The cross-sectional areas of the push rod portions 92 and 94 at the O-rings 84 are substantially equal, and also the areas of the shoulders 98 and 100. When the valve is closed as shown in FIG. 5 the effective area exposed to atmosphere is the shoulder 100 which is greater than the cross-sectional area of the push rod 92. The extra area of the shoulder holds the valve in open position, and since the flow area of the valve is more than twice the flow area of the orifice 36 (FIG. 4) there is very little pressure differential across the valve port to disturb this relationship. With this relationship the atmospheric pressure areas are opposing and substantially balanced except for the shoulder area. Accordingly, due to the differential shoulder area the closure of the valve is very easily accomplished by finger pressure.

When the valve is closed the rod areas effective for the upper chamber are equal and opposing with respect to inlet pressure and atmosphere, leaving a differential area related to the larger size of the port with respect to inlet pressure opposing the valve opening. This differential area can be varied by the relative size of the rod section 94 for the finger touch pressure desired. Nominal effort is involved in sliding the valve towards its open position until the gasket breaks from the port opening 78 whereupon inertial movement of finger pressure will break the contact and flow will begin.

However, since the break away of the gasket will quickly afford a flow rate opening which exceeds that of the nozzle orifice and the tube 32 is generally liquid solid, the pressure differential will quickly lessen and assume the relationship of an open valve thereby permitting light finger pressure to accomplish the opening of the valve for easy intermittent operation of the valve.

It will be further noted that, once open, a person's hand is free to direct the spray 110 from the nozzle in any direction by universal rotation of the tube 32 by hand about its axis and around the valve, while the nozzle can also be finger adjusted through 360.degree. with only a momentary closing of the valve.

Assuming a pressure of 40 p.s.i. on the inlet side 70 of the valve 90, the ultimate flow rate is determined by the nozzle orifice 36 and this would vary as the square root of the upstream pressure. A differential of even several pounds across the large sized valve port would not vary the flow rate for all practical purposes.
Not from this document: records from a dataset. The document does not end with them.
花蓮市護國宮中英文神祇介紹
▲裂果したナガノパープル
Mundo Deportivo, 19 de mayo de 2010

This relationship would follow with any size orifice once the municipal water pressure is known. Thus, uniform application is assured under normal circumstances.
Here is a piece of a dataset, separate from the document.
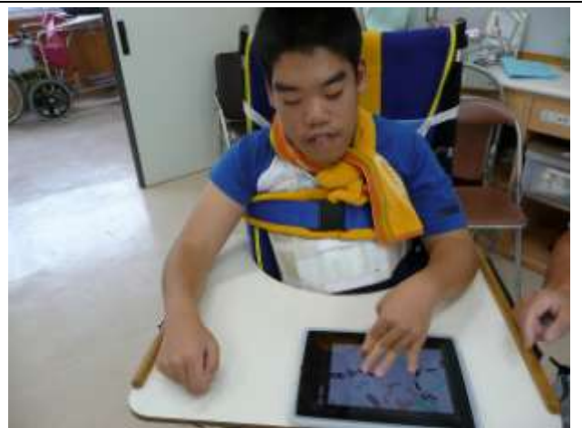
高2男子(重複障害:肢体不自由) アプリ「猫たたき」

Referring to FIGS. 6 and 7 another form of valve 120 is shown in juxtaposition to the nozzle 30 with which the valve would be connected by means of the wand 26. It is to be understood that the orifice 36 can be remote from the valve 120 or both the valve and nozzle can be part of a compact spray head, as desired.
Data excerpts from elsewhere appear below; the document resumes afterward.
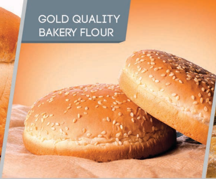
GOLD QUALITY BAKERY FLOUR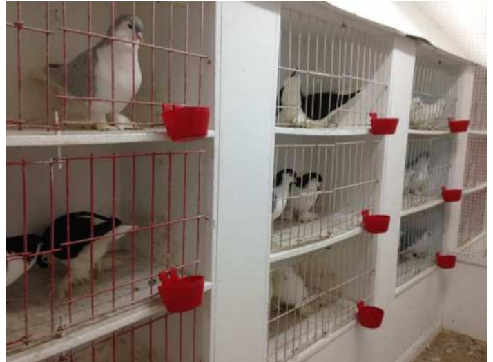
9 couples en préaccouplement par volière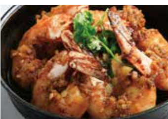
スパイシーガーリック シュリンプ Spicy garlic shrimp 1,150 (税込1,265)

The valve 120 has the inlet passage 122 and the outlet passage 124 formed within the body 126 in radially displaced relationship and overlapping so that the end wall 128 of the passage 122 extends a substantial distance beyond the end wall 138 of the outlet passage 124, similar to the arrangement shown in FIGS. 4 and 5. The bottom surface 140 of the passage 122 is essentially flat and coplanar with the bottom surface 142 of the outlet passage 124. The configurations of the remaining walls of the passages 122 and 124 are immaterial as long as they define equal or substantially equal cross-section areas. The outlet passage 124 communicates with the orifice 36 as through the wand 26.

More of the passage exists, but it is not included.